- ASSIGNED TASK
Since only the text is wanted, print every entry below exactly and omit the images.

- Collected data
********
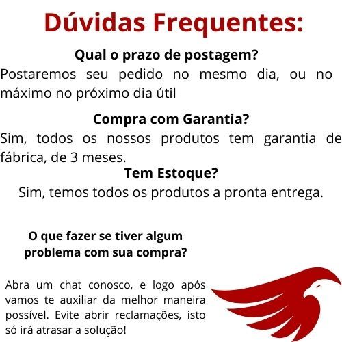 INFORMAÇÕES DO PRODUTO A FABRECK fornece para os principais atacados, concessionárias, distribuidores e lojistas de todo o Brasil no segmento de moto peças, se destacando pela qualidade e pela tecnologia de ponta utilizada na produção de seus produtos. Ela está no mercado de moto peças há mais de 15 anos e já se consolidou como a principal fabricante de rodas esportivas, aros, cubos, guidões, discos e pastilhas de freios do país. Aplicação: - SEGUE O NOME DO ANUNCIO; ***O PRODUTO ENVIADO DEPENDERÁ DO QUE VOCÊ SELECIONAR NA HORA DA COMPRA*** ***ATENTE SE AO MODELO E ANO DA SUA MOTO, O PRODUTO FOI FEITO PARA ENCAIXAR PERFEITAMENTE NA MOTO DO NOME DO ANUNCIO*** Atenção: O PRAZO DE ENTREGA INFORMADO NO ANÚNCIO É DADO AUTOMATICAMENTE PELA SHOPEE, NÓS VENDEDORES NÃO PODEMOS ALTERÁ-LO! A instalação deve ser realizada por um profissional especializado. A Loja não se responsabiliza por montagens errôneas ou defeitos causadas por mal uso do produto. Observação: -A FOTO É MERAMENTE ILUSTRATIVA, O PRODUTO SERÁ ENVIADO DE ACORDO COM O NOME DO ANUNCIO E NÃO COM A FOTO!!! -Pode haver diferença de tonalidade entre a imagem e o produto real por conta do tratamento da foto e a calibração de cores da tela do seu monitor ou aparelho. ;)
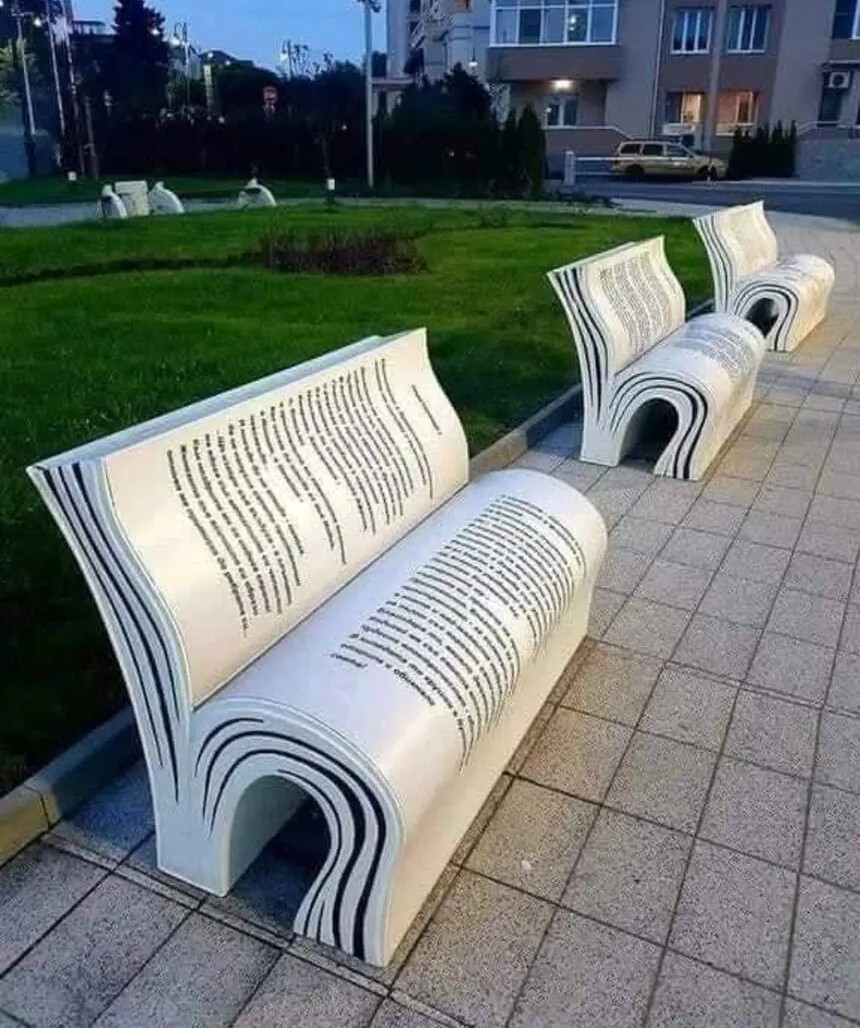 L’art public et le mobilier urbain ont parfois des créations des plus surprenantes comme ses bancs et sièges incroyablement créatifs venant du monde entier dont cet ensemble de bancs conçus pour ressembler à des livres ouverts, avec du texte imprimé, tapissent une passerelle piétonne et où la créativité offre un endroit confortable pour s’asseoir et réfléchir...
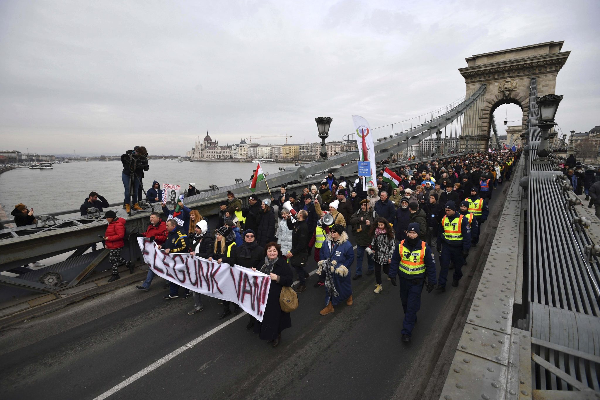 Dopo la manifestazione nella capitale, un gruppo di manifestanti ha marciato verso l’estremità Pest del Ponte delle Catene, bloccando il traffico sul ponte.
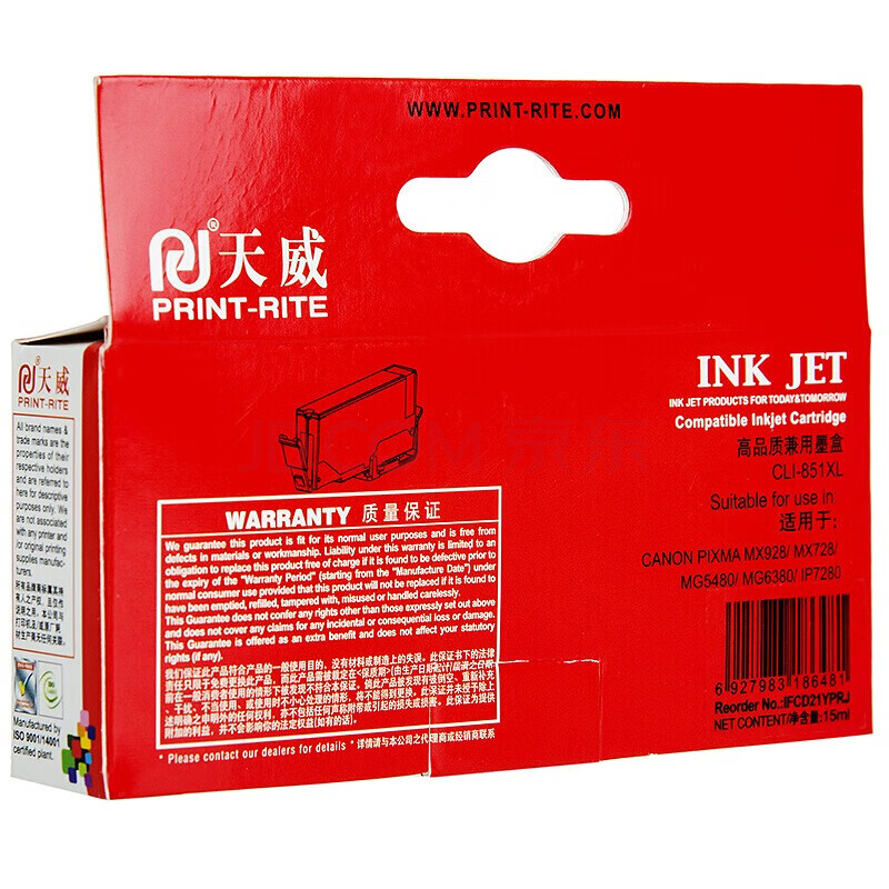 商品相册:天威 CLI851XL黄色墨盒 适用佳能Canon IP7280 8780 IX6880 6780 MX928 728 MG5480 5580 6380打印机 850墨盒第
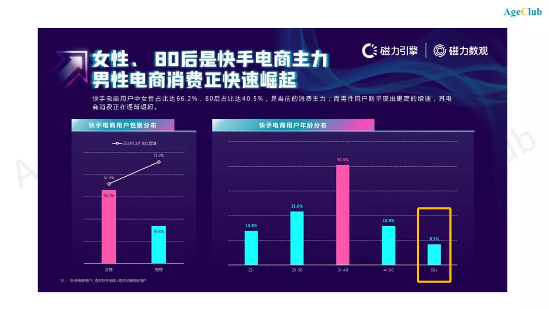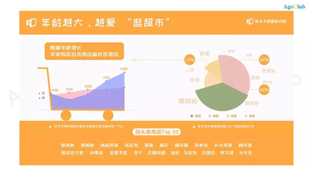 《2021快手电商数据报告》透露,50+用户已经占到了快手电商用户的8.3%,普遍偏爱鞋服和珠宝玉石,其中,女性更加愿意购买美妆个护用品,男性则喜欢下单食品饮料。
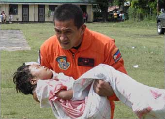 A Philippine Air Force rescue worker evacuates a young survivor from a flashflood in the main island of Luzon, northern Philippines, last week. At least 33 people were dead or missing in floods and landslides unleashed by a storm. [AFP]
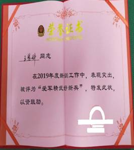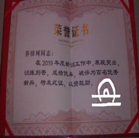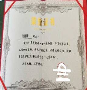 2.乔田珂,男,食品学院烹饪181班学生,现服役于中国人民解放军海军陆战队某部。在新兵连训练期间,训练刻苦,表现突出,成绩优异,被评为“百名优秀新兵”。
********
- FINISHED TASK
 INFORMAÇÕES DO PRODUTO A FABRECK fornece para os principais atacados, concessionárias, distribuidores e lojistas de todo o Brasil no segmento de moto peças, se destacando pela qualidade e pela tecnologia de ponta utilizada na produção de seus produtos. Ela está no mercado de moto peças há mais de 15 anos e já se consolidou como a principal fabricante de rodas esportivas, aros, cubos, guidões, discos e pastilhas de freios do país. Aplicação: - SEGUE O NOME DO ANUNCIO; ***O PRODUTO ENVIADO DEPENDERÁ DO QUE VOCÊ SELECIONAR NA HORA DA COMPRA*** ***ATENTE SE AO MODELO E ANO DA SUA MOTO, O PRODUTO FOI FEITO PARA ENCAIXAR PERFEITAMENTE NA MOTO DO NOME DO ANUNCIO*** Atenção: O PRAZO DE ENTREGA INFORMADO NO ANÚNCIO É DADO AUTOMATICAMENTE PELA SHOPEE, NÓS VENDEDORES NÃO PODEMOS ALTERÁ-LO! A instalação deve ser realizada por um profissional especializado. A Loja não se responsabiliza por montagens errôneas ou defeitos causadas por mal uso do produto. Observação: -A FOTO É MERAMENTE ILUSTRATIVA, O PRODUTO SERÁ ENVIADO DE ACORDO COM O NOME DO ANUNCIO E NÃO COM A FOTO!!! -Pode haver diferença de tonalidade entre a imagem e o produto real por conta do tratamento da foto e a calibração de cores da tela do seu monitor ou aparelho. ;)
 L’art public et le mobilier urbain ont parfois des créations des plus surprenantes comme ses bancs et sièges incroyablement créatifs venant du monde entier dont cet ensemble de bancs conçus pour ressembler à des livres ouverts, avec du texte imprimé, tapissent une passerelle piétonne et où la créativité offre un endroit confortable pour s’asseoir et réfléchir...
 Dopo la manifestazione nella capitale, un gruppo di manifestanti ha marciato verso l’estremità Pest del Ponte delle Catene, bloccando il traffico sul ponte.
 商品相册:天威 CLI851XL黄色墨盒 适用佳能Canon IP7280 8780 IX6880 6780 MX928 728 MG5480 5580 6380打印机 850墨盒第
 《2021快手电商数据报告》透露,50+用户已经占到了快手电商用户的8.3%,普遍偏爱鞋服和珠宝玉石,其中,女性更加愿意购买美妆个护用品,男性则喜欢下单食品饮料。
 A Philippine Air Force rescue worker evacuates a young survivor from a flashflood in the main island of Luzon, northern Philippines, last week. At least 33 people were dead or missing in floods and landslides unleashed by a storm. [AFP]
 2.乔田珂,男,食品学院烹饪181班学生,现服役于中国人民解放军海军陆战队某部。在新兵连训练期间,训练刻苦,表现突出,成绩优异,被评为“百名优秀新兵”。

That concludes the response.